Thinking further on this line, we can also move the comparison 
outside the loop:

In [23]:
def burst_search_numpy2(times, m, T):
    in_burst = False
    bursts = []
    above_min_rate = (times[m-1:] - times[:times.size-m+1]) <= T
    for i in range(times.size-m+1):
        test = above_min_rate[i]
        if test:
            if not in_burst:
                in_burst = True
                start = times[i]
        elif in_burst:
            in_burst = False
            bursts.append((start, times[i+m-1]))
    return bursts

In [24]:
bursts_numpy2 = burst_search_numpy2(timestamps, 10, 100e-6)
assert bursts_numpy2 == bursts_py
%timeit burst_search_numpy2(timestamps, 10, 100e-6)

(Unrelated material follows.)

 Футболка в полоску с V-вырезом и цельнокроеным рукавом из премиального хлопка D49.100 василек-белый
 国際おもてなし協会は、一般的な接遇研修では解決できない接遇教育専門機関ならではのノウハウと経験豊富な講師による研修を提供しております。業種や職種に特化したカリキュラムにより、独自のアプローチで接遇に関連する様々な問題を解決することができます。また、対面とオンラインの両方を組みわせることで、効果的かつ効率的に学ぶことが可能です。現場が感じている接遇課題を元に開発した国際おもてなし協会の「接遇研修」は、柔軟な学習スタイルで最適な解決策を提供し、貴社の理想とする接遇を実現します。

1 loops, best of 3: 281 ms per loop


The line profiler shows that the simple item access (line 6) takes 30% of the time.
This is not surprising because numpy has some overhead when accessing a single
element because of all the fancy indexing it supports. Since here we are simply
iterating over all the elements we can use the iterator to get the array elements.


In [25]:
def burst_search_numpy3(times, m, T):
    in_burst = False
    bursts = []
    
    max_index = times.size-m+1
    above_min_rate = ((times[m-1:] - times[:max_index]) <= T)[:max_index]
    
    for i, above_min_rate_ in enumerate(above_min_rate):
        if above_min_rate_:
            if not in_burst:
                in_burst = True
                start = times[i]
        elif in_burst:
            in_burst = False
            bursts.append((start, times[i+m-1]))
    return bursts

In [26]:
bursts_numpy3 = burst_search_numpy3(timestamps, 10, 100e-6)
assert bursts_numpy3 == bursts_py
%timeit burst_search_numpy3(timestamps, 10, 100e-6)

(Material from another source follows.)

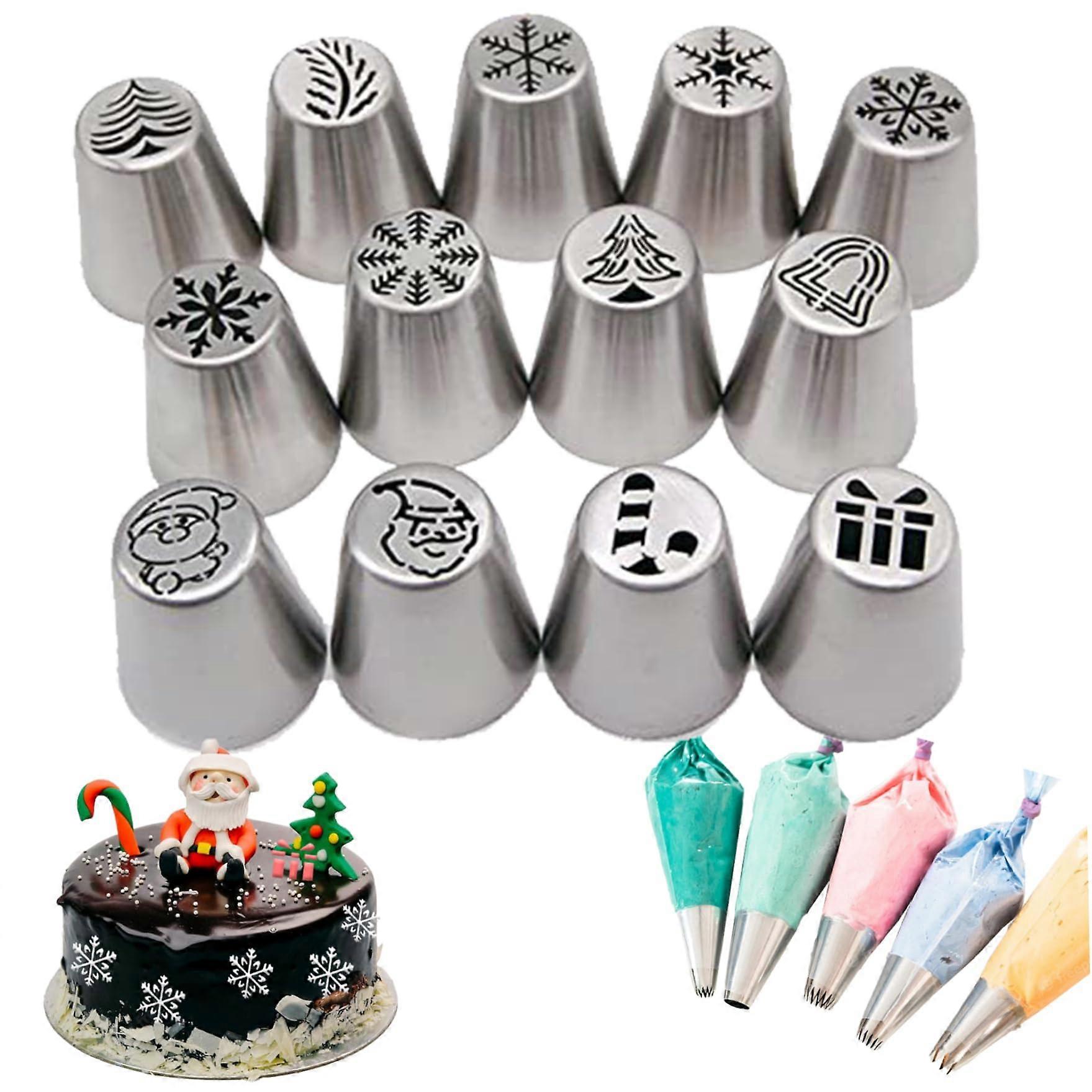 Rohrleitungsspitzen Set 13pcs Edelstahl Weihnachtskuchen Dekoration Frosting Düsen mit Weihnachtsmann Schneeflocken Weihnachtsbaum

1 loops, best of 3: 223 ms per loop


Finally, we can optimize line 13, the else branch that is executed at almost every cycle.
To avoid this test we can slightly unwrap the loop:

- first we `continue` if not above the rate.
- when "not continuing", we are inside a burst and we do a mini internal loop until the burst is over
- the main loop resumes from a position updated by the inner loop

The trick is using the same iterator in the two nested loops:

In [27]:
def burst_search_numpy4(times, m, T):
    bursts = []
    
    max_index = times.size-m+1
    above_min_rate = ((times[m-1:] - times[:max_index]) <= T)[:max_index]

    it = enumerate(above_min_rate)
    for i, above_min_rate_ in it:
        if not above_min_rate_: continue           
        
        start = times[i]
        for i, above_min_rate_ in it:
            if not above_min_rate_: break
        
        bursts.append((start, times[i+m-1]))
    return bursts

In [28]:
bursts_numpy4 = burst_search_numpy4(timestamps, 10, 100e-6)
assert bursts_numpy4 == bursts_py
%timeit burst_search_numpy4(timestamps, 10, 100e-6)

1 loops, best of 3: 205 ms per loop


This last two optimizations cut another 25% to the execution time.
More importantly, the code is easier to read, mainly because
we eliminated the state variable `in_burst`.

# Conclusion

We started with a direct pure-python algorithm implementation and we found
how to optimize it in cython obtaining a 100x (100 folds) speed-up.

The burst search algorithm is not easy to vectorize, but 
a careful analysis of the bottlenecks allowed 
to obtain a 5x speed-up using only python + numpy.

In most of cases, the speed of a python + numpy implementation 
is more than enough. For rare performance-critical functions, 
C-level performances can be achieved by using cython or numba.

But optimization must always be performed as last step, and only
focusing on the bottlenecks highlighted by the profiler.
When in doubt, prefer clarity over speed.

# See also

- [FRETBursts](http://tritemio.github.io/FRETBursts/) A burst analysis 
  software implementing the techniques illustrated in this post 
  in a more complete real-world scenario.